→ **TASK DIRECTIONS**
The listing is to be repeated exactly, and its pictures are to be left out.

-- GIVEN INFORMATION follows --

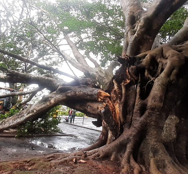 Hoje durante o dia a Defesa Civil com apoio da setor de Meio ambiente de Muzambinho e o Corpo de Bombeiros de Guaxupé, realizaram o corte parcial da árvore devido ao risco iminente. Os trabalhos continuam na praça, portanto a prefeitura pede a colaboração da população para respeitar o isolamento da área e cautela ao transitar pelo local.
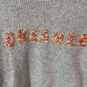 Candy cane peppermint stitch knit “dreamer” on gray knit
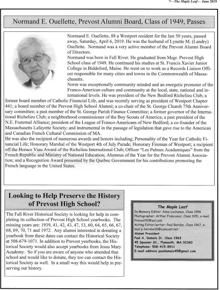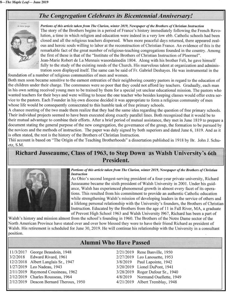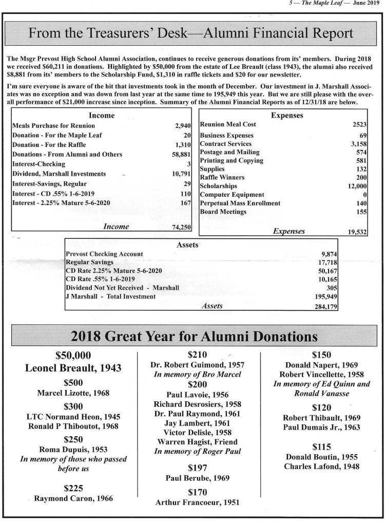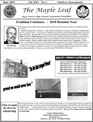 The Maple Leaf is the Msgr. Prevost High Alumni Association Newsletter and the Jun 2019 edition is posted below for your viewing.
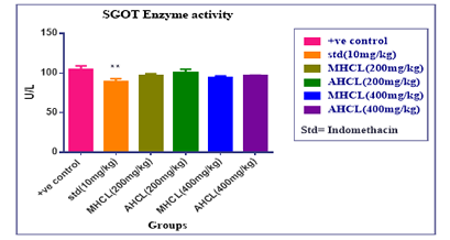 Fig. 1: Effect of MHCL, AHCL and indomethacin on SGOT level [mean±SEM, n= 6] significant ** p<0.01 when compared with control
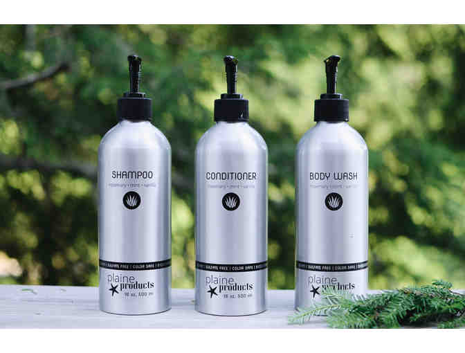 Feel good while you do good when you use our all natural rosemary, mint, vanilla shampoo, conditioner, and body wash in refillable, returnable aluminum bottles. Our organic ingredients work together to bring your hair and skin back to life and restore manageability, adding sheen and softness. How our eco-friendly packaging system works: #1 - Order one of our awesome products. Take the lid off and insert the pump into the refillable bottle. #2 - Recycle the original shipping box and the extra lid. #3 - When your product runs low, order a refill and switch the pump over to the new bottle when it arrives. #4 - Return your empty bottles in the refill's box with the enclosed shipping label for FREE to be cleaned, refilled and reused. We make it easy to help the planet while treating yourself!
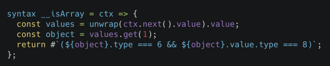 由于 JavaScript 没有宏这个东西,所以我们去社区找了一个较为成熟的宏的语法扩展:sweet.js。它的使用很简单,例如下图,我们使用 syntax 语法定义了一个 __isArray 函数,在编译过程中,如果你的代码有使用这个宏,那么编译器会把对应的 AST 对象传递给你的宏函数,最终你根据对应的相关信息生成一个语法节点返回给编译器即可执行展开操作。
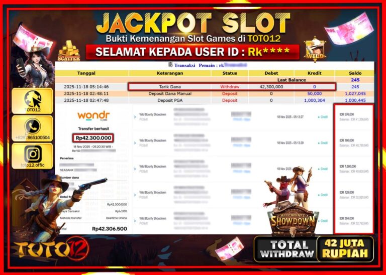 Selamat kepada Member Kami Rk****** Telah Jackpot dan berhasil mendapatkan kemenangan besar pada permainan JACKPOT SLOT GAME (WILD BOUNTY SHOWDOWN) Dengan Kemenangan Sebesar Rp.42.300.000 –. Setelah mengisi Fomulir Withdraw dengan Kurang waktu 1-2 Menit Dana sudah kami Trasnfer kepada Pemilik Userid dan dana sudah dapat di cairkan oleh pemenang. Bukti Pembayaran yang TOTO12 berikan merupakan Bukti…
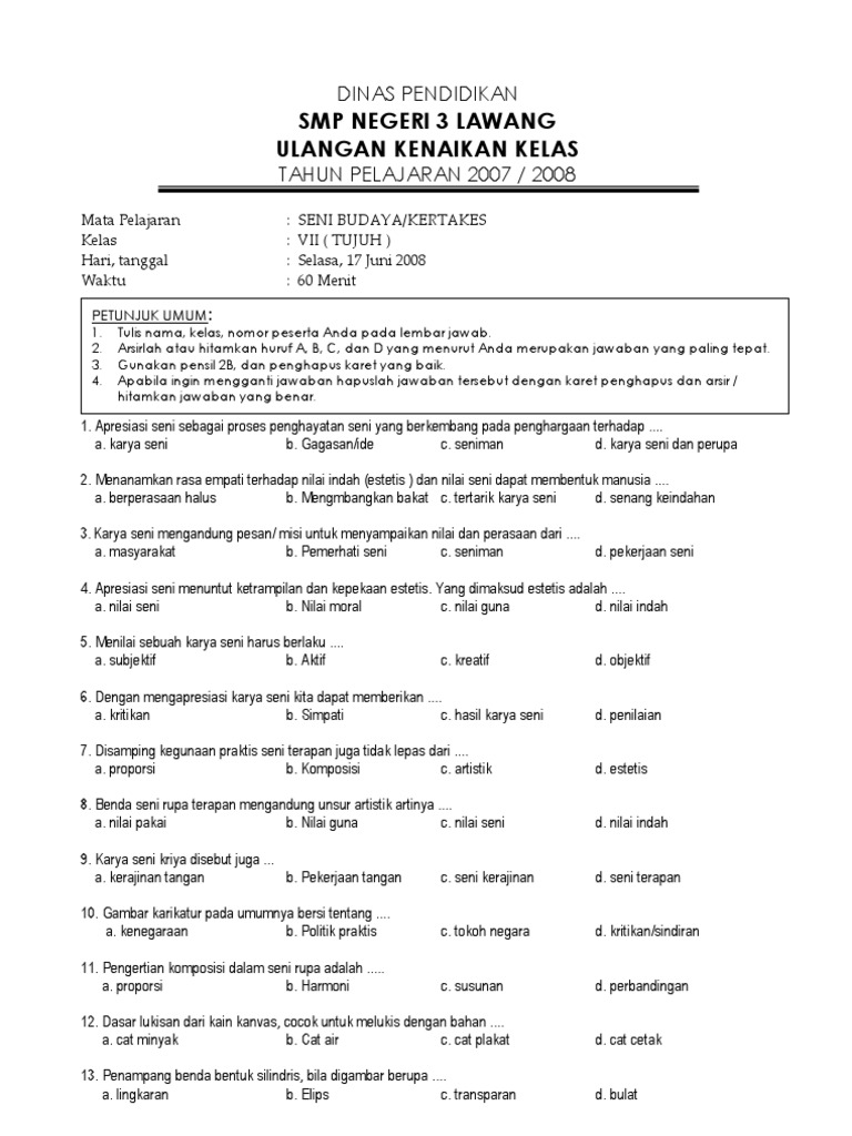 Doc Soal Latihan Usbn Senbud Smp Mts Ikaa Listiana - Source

-- GIVEN INFORMATION concluded --

→ **EXERCISE RESPONSE**
 Hoje durante o dia a Defesa Civil com apoio da setor de Meio ambiente de Muzambinho e o Corpo de Bombeiros de Guaxupé, realizaram o corte parcial da árvore devido ao risco iminente. Os trabalhos continuam na praça, portanto a prefeitura pede a colaboração da população para respeitar o isolamento da área e cautela ao transitar pelo local.
 Candy cane peppermint stitch knit “dreamer” on gray knit
 The Maple Leaf is the Msgr. Prevost High Alumni Association Newsletter and the Jun 2019 edition is posted below for your viewing.
 Fig. 1: Effect of MHCL, AHCL and indomethacin on SGOT level [mean±SEM, n= 6] significant ** p<0.01 when compared with control
 Feel good while you do good when you use our all natural rosemary, mint, vanilla shampoo, conditioner, and body wash in refillable, returnable aluminum bottles. Our organic ingredients work together to bring your hair and skin back to life and restore manageability, adding sheen and softness. How our eco-friendly packaging system works: #1 - Order one of our awesome products. Take the lid off and insert the pump into the refillable bottle. #2 - Recycle the original shipping box and the extra lid. #3 - When your product runs low, order a refill and switch the pump over to the new bottle when it arrives. #4 - Return your empty bottles in the refill's box with the enclosed shipping label for FREE to be cleaned, refilled and reused. We make it easy to help the planet while treating yourself!
 由于 JavaScript 没有宏这个东西,所以我们去社区找了一个较为成熟的宏的语法扩展:sweet.js。它的使用很简单,例如下图,我们使用 syntax 语法定义了一个 __isArray 函数,在编译过程中,如果你的代码有使用这个宏,那么编译器会把对应的 AST 对象传递给你的宏函数,最终你根据对应的相关信息生成一个语法节点返回给编译器即可执行展开操作。
 Selamat kepada Member Kami Rk****** Telah Jackpot dan berhasil mendapatkan kemenangan besar pada permainan JACKPOT SLOT GAME (WILD BOUNTY SHOWDOWN) Dengan Kemenangan Sebesar Rp.42.300.000 –. Setelah mengisi Fomulir Withdraw dengan Kurang waktu 1-2 Menit Dana sudah kami Trasnfer kepada Pemilik Userid dan dana sudah dapat di cairkan oleh pemenang. Bukti Pembayaran yang TOTO12 berikan merupakan Bukti…
 Doc Soal Latihan Usbn Senbud Smp Mts Ikaa Listiana - Source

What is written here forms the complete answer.